Granted, it is an easy accusation to lay at the feet of someone with a privileged family background. Yet David Cameron does little to help himself when he surrounds himself with senior advisers drawn from a similar cloistered class.

It may be, as one BBC editor suggested to me, natural for a leader to listen most to people who live nearby, or who share a similar life experience and outlook. However, when it comes to being Prime Minister, one is expected to represent or at least understand the interests of a much broader cross-section of society.

Even among normally conservative voters (I use the word here in its small 'c' sense) David Cameron is often seen as being more of a liberal than a conservative thinker on certain key issues.

His promised public debate on changes to marriage never took place and his promise of a referendum on Europe in 2017 seems too weak or meaningless to satisfy many within his own rank-and-file.

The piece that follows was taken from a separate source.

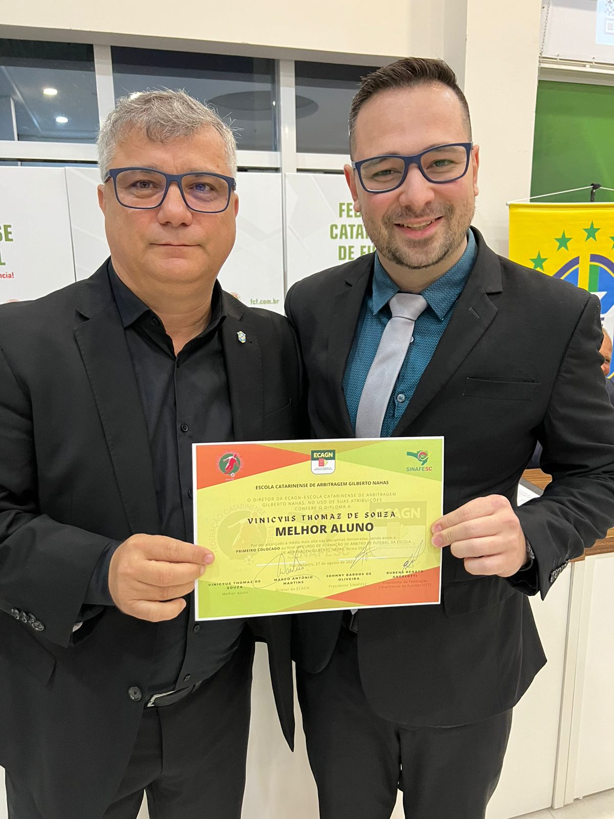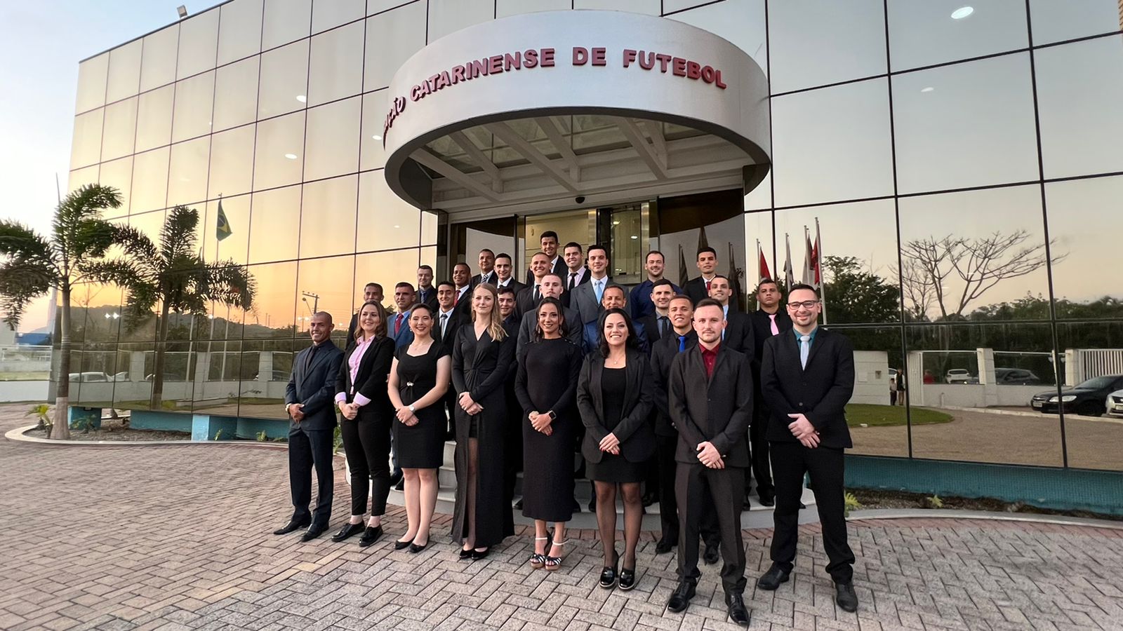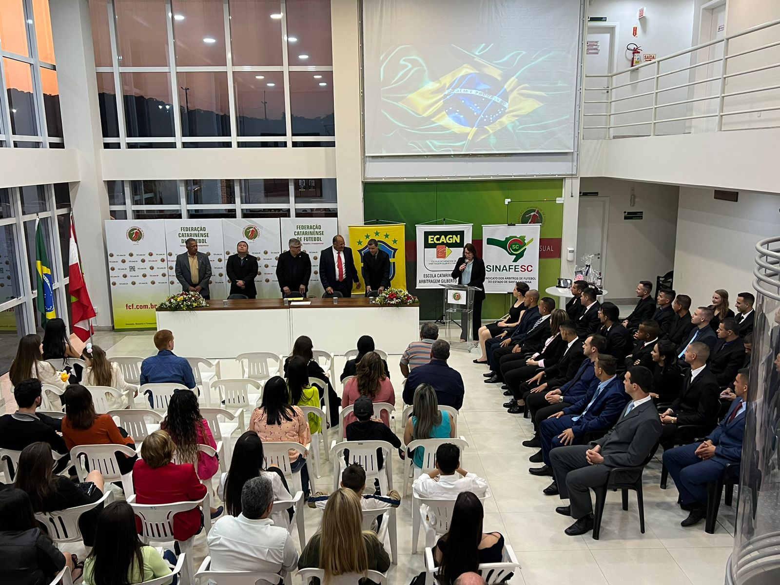 A Escola Catarinense de Arbitragem, Federação Catarinense de Futebol (FCF) e Sindicato dos Árbitros (Sinafesc) concluíram mais um curso de árbitros. Os 40 novos árbitros de futebol receberam os diplomas em solenidade de formatura realizada na noite de sábado (27/08) na sede da FCF, em Balneário Camboriú.

Meanwhile, his offer of an independence vote for the Scots was a little too hasty for some - and his making the case for a 'no' vote a little too slow.

Nigel Farage has not been fully tested in regard to elitism - he has, as yet, no domestic parliamentary record. But he may well find himself in a similar position to David Cameron if his relatively privileged background as a City commodities trader ever becomes a story in itself.

He will certainly face the charge of elitism if he continues to lead what looks and sounds like a 'one-man-party', or if Ukip's candidates become either too working class or, far worse, too anti-immigrant.

It's highly probable that as Ukip continues to gather steam the more unsavoury elements within it will begin to become more vocal, particularly those who might once have associated themselves with the British Nationalist Party. This will bring another form of elitism to the fore.

Perhaps it was always this way; perhaps we have always been inherently suspicious of those who lead us. However, the viral nature of 24/7 news and social media reinforces perceptions so much more quickly now - and perhaps more deeply, too.

We may also be especially sensitive on this score because of the sour aftertaste that lingers from the MPs expenses scandal and the recent financial meltdown.

In the public mind, certain MPs and money merchants lined their nests while failing, along with financial regulators and EU leaders, to exercise due care and responsibility in the lead-up to the recession.

Once found out, they contributed to a significant confidence deficit when it came to major institutions. As yet, no one can be sure how deeply that loss of trust has seeped into the national psyche.

Whatever its causes, electors of all political persuasions are right now especially weary of political posturing and wary of political promises.

In the age of rampant social media, where hierarchical structures give the appearance of evening-out, elitism is seen as an especially inexcusable flaw.

Ukip and other as yet untested political groups may continue to rise in polls and elections for as long as it is seen to plague the major parties.